◆ INPUT DATA ◆
• • • • • • •

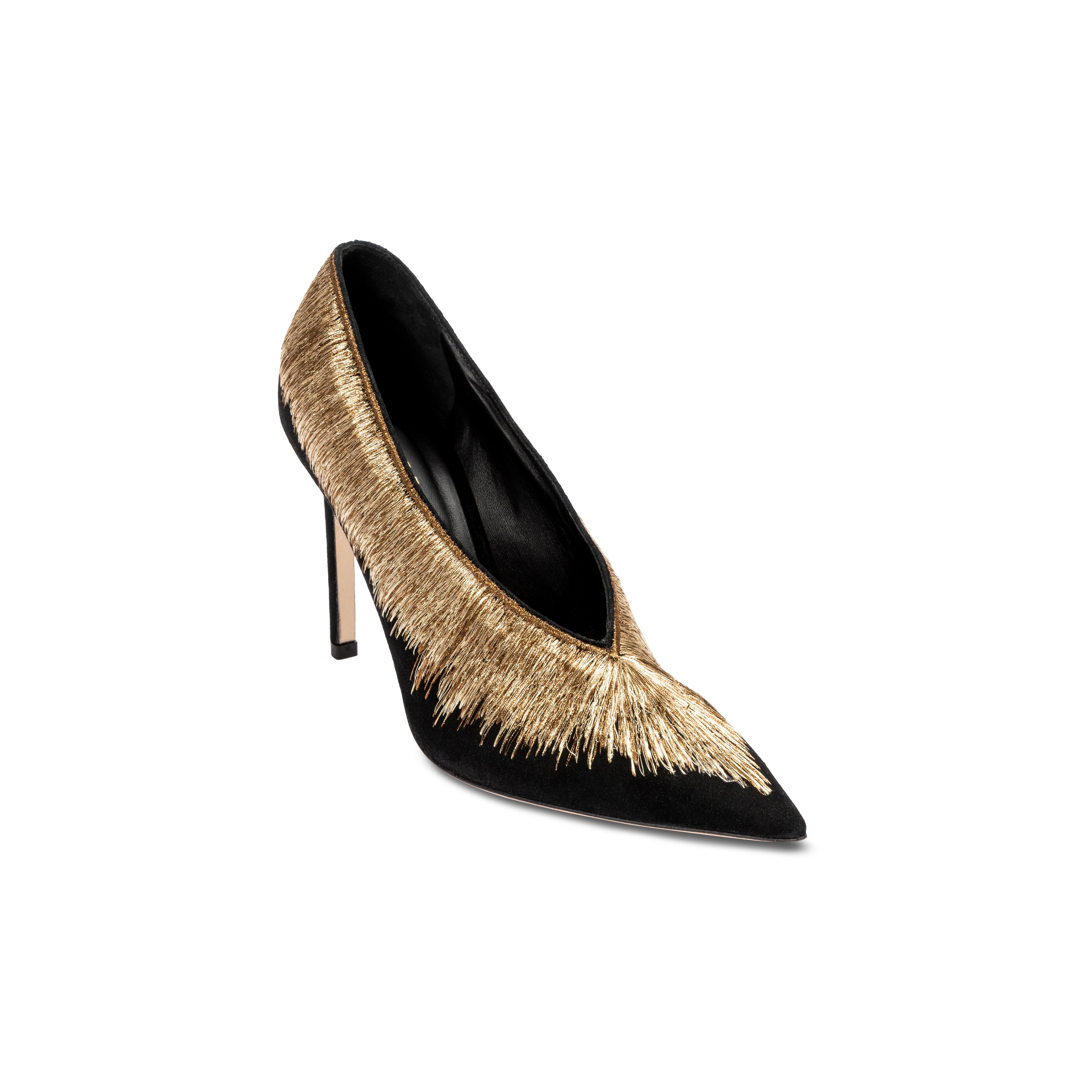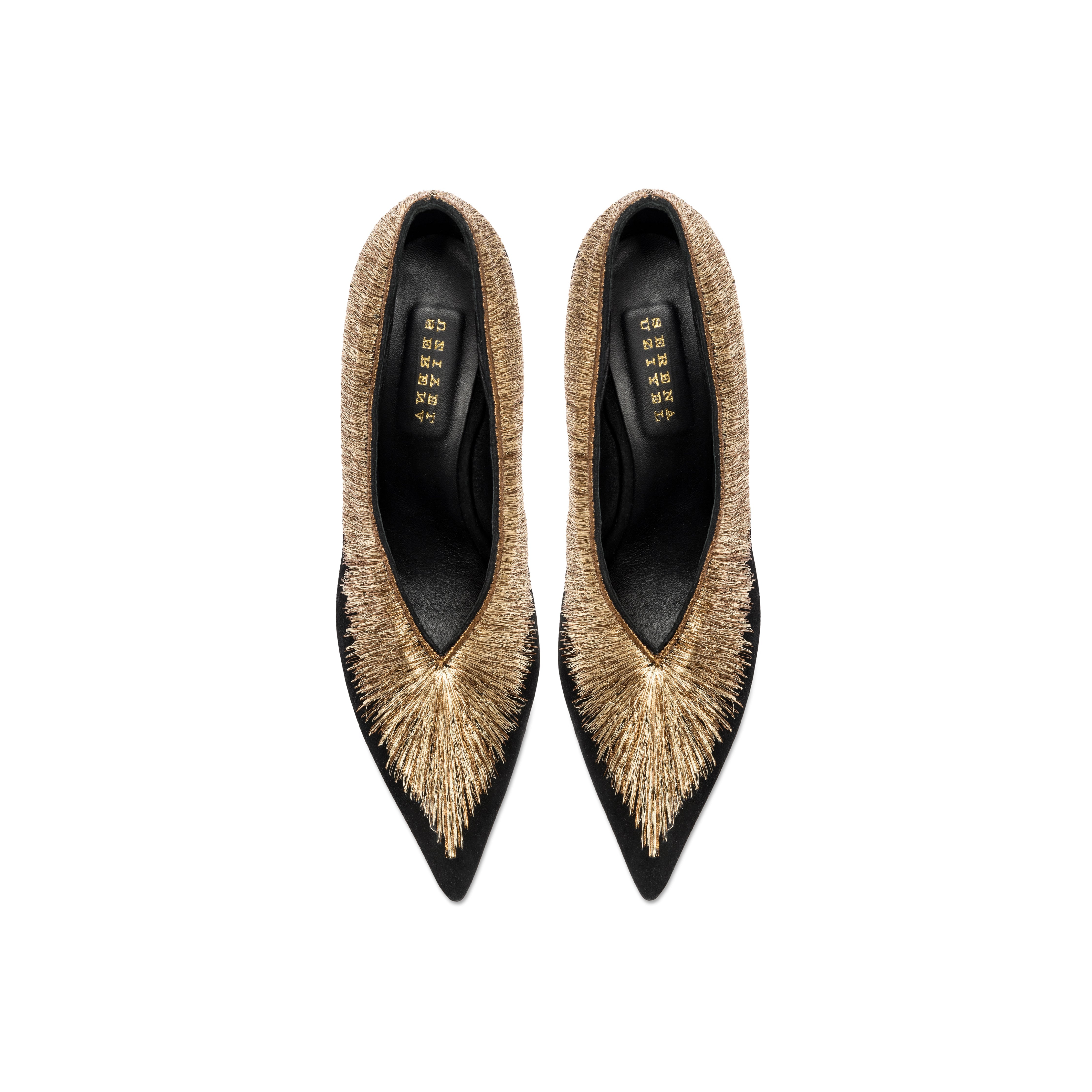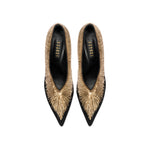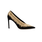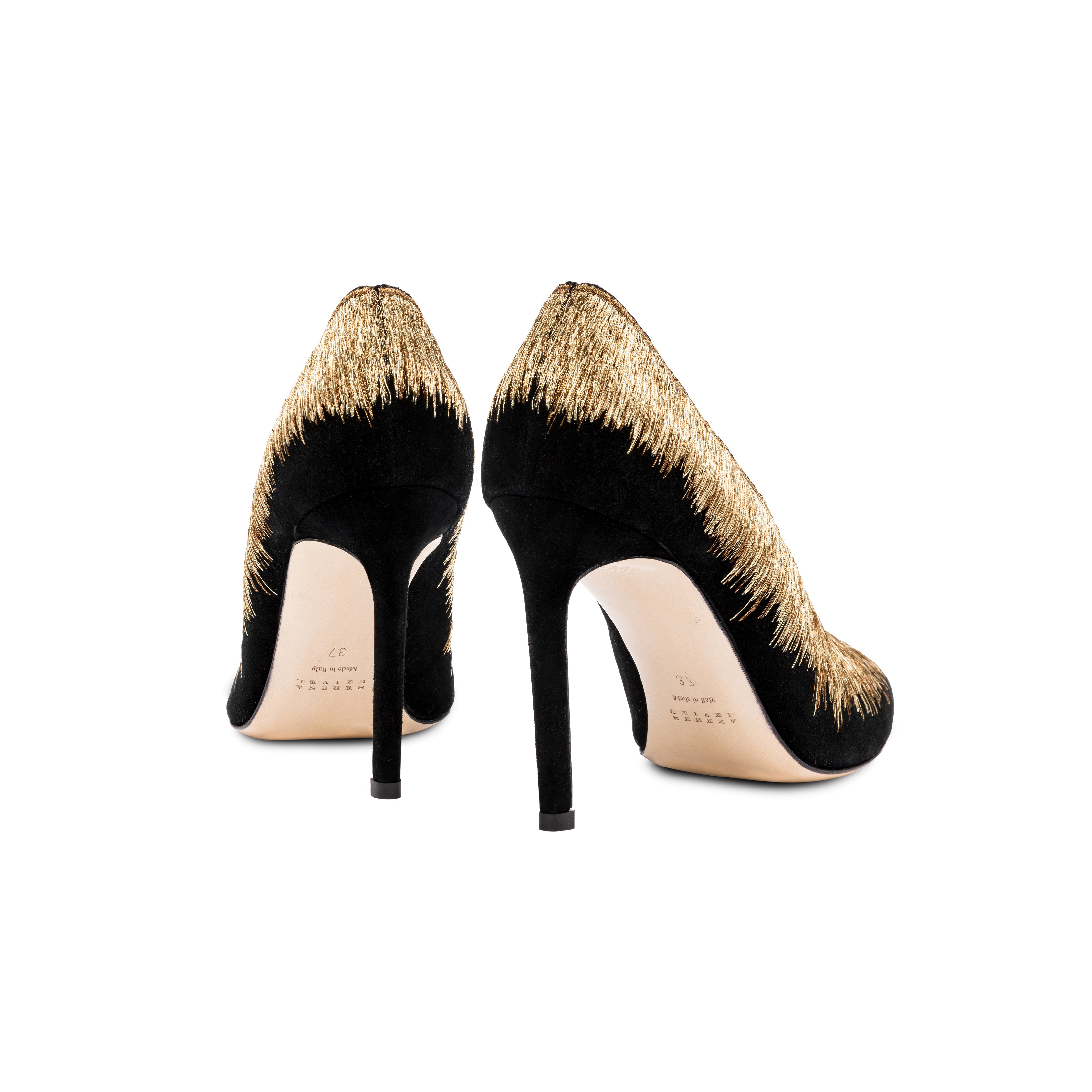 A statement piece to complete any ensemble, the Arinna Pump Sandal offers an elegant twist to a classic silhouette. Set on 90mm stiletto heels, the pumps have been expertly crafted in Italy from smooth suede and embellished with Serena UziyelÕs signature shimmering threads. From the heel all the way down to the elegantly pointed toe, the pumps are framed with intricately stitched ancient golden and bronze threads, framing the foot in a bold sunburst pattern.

• • • • • • •

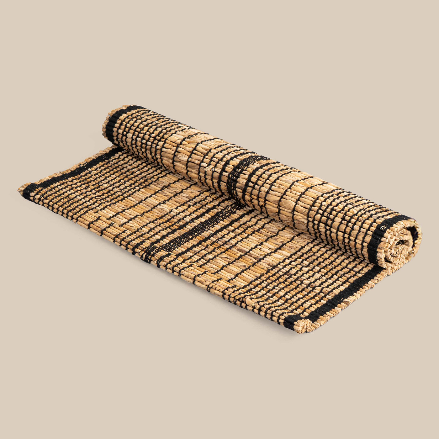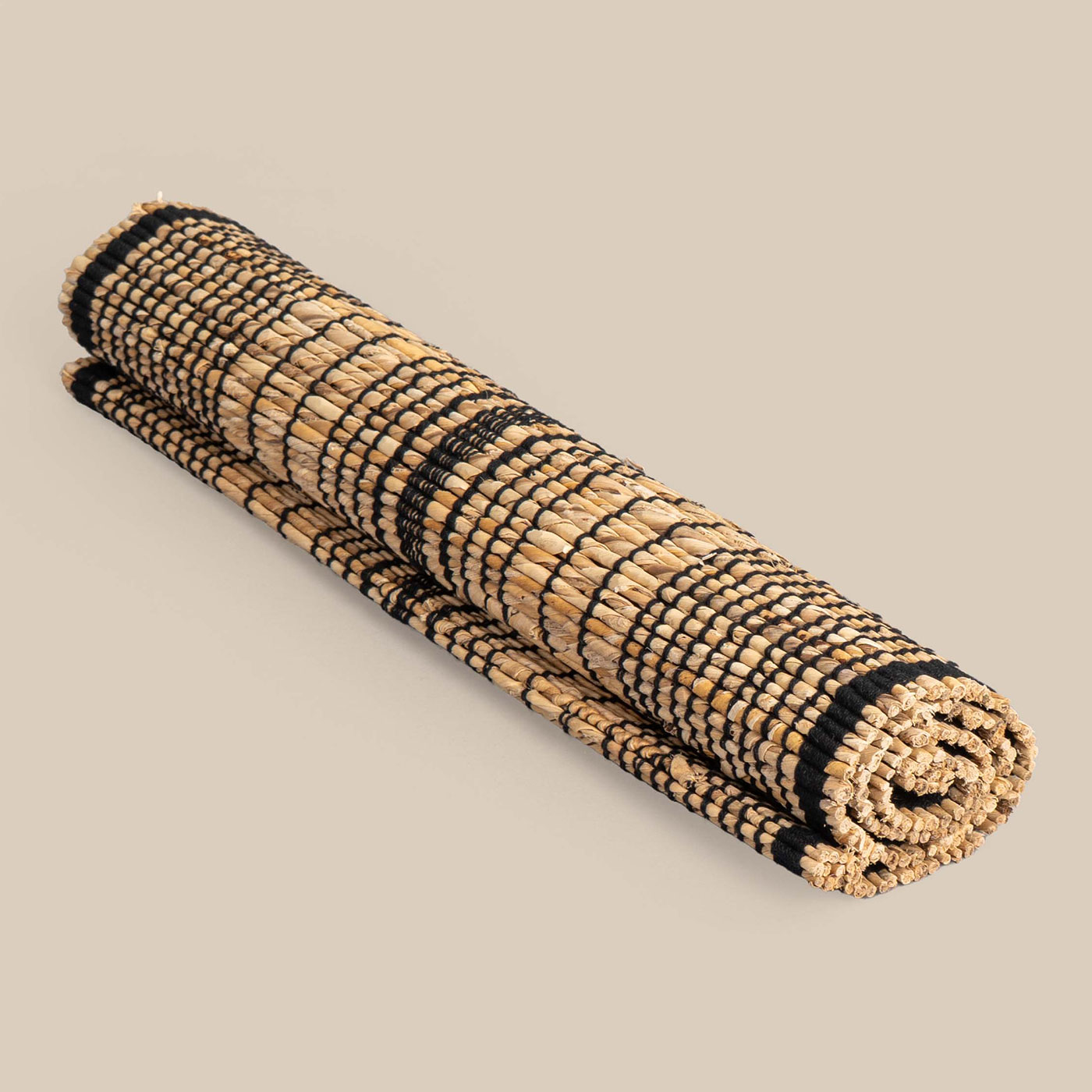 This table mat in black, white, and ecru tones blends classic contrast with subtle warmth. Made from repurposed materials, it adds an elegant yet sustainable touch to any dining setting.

• • • • • • •

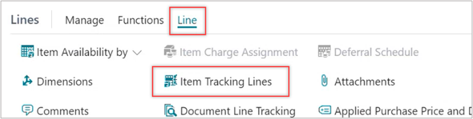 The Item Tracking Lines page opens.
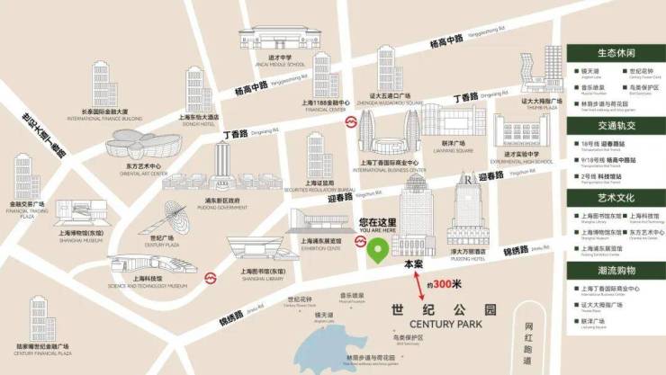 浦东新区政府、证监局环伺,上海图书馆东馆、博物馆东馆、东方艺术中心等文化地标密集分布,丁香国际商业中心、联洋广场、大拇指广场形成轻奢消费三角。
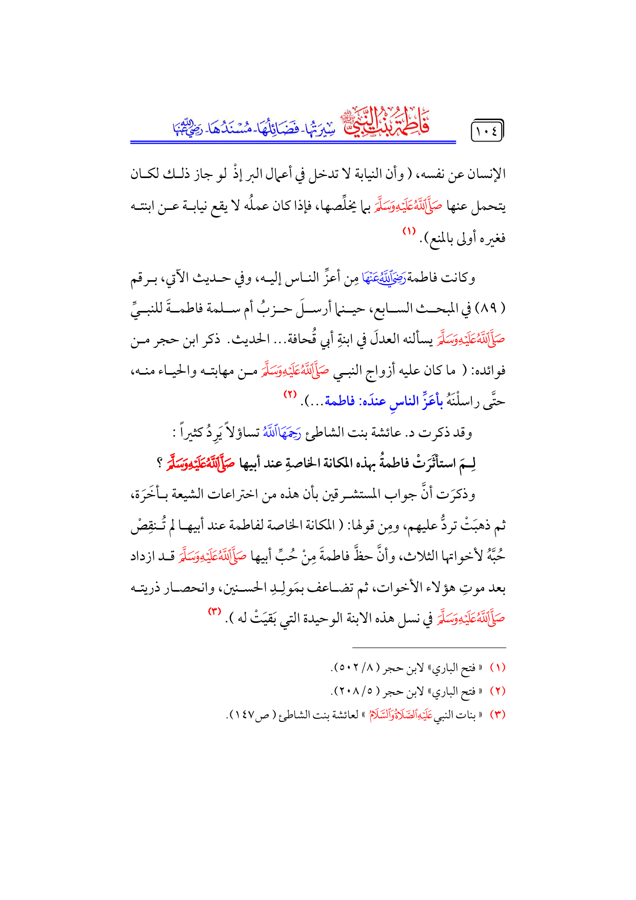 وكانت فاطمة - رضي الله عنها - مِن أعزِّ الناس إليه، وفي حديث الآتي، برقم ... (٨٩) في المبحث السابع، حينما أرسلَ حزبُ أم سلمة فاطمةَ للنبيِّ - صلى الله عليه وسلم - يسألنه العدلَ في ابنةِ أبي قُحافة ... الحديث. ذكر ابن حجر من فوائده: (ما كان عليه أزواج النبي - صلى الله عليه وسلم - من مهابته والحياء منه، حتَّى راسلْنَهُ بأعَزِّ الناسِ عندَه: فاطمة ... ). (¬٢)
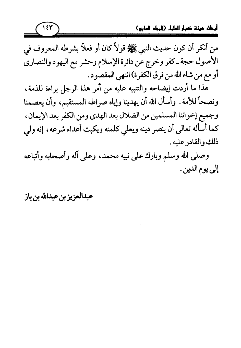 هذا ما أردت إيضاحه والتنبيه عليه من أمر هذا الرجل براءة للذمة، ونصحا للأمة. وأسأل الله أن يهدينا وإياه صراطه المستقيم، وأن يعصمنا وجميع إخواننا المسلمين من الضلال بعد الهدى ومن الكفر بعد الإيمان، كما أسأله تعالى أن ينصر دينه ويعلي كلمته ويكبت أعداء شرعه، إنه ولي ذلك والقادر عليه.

• • • • • • •

◆ EXERCISE GOAL ◆
Pictures excluded, reproduce only the part above that opens with the line holding "The Item Tracking Lines page opens." and closes with the line holding "وكانت فاطمة - رضي", exactly as written.

◆ TASK RESPONSE ◆
 The Item Tracking Lines page opens.
 浦东新区政府、证监局环伺,上海图书馆东馆、博物馆东馆、东方艺术中心等文化地标密集分布,丁香国际商业中心、联洋广场、大拇指广场形成轻奢消费三角。
 وكانت فاطمة - رضي الله عنها - مِن أعزِّ الناس إليه، وفي حديث الآتي، برقم ... (٨٩) في المبحث السابع، حينما أرسلَ حزبُ أم سلمة فاطمةَ للنبيِّ - صلى الله عليه وسلم - يسألنه العدلَ في ابنةِ أبي قُحافة ... الحديث. ذكر ابن حجر من فوائده: (ما كان عليه أزواج النبي - صلى الله عليه وسلم - من مهابته والحياء منه، حتَّى راسلْنَهُ بأعَزِّ الناسِ عندَه: فاطمة ... ). (¬٢)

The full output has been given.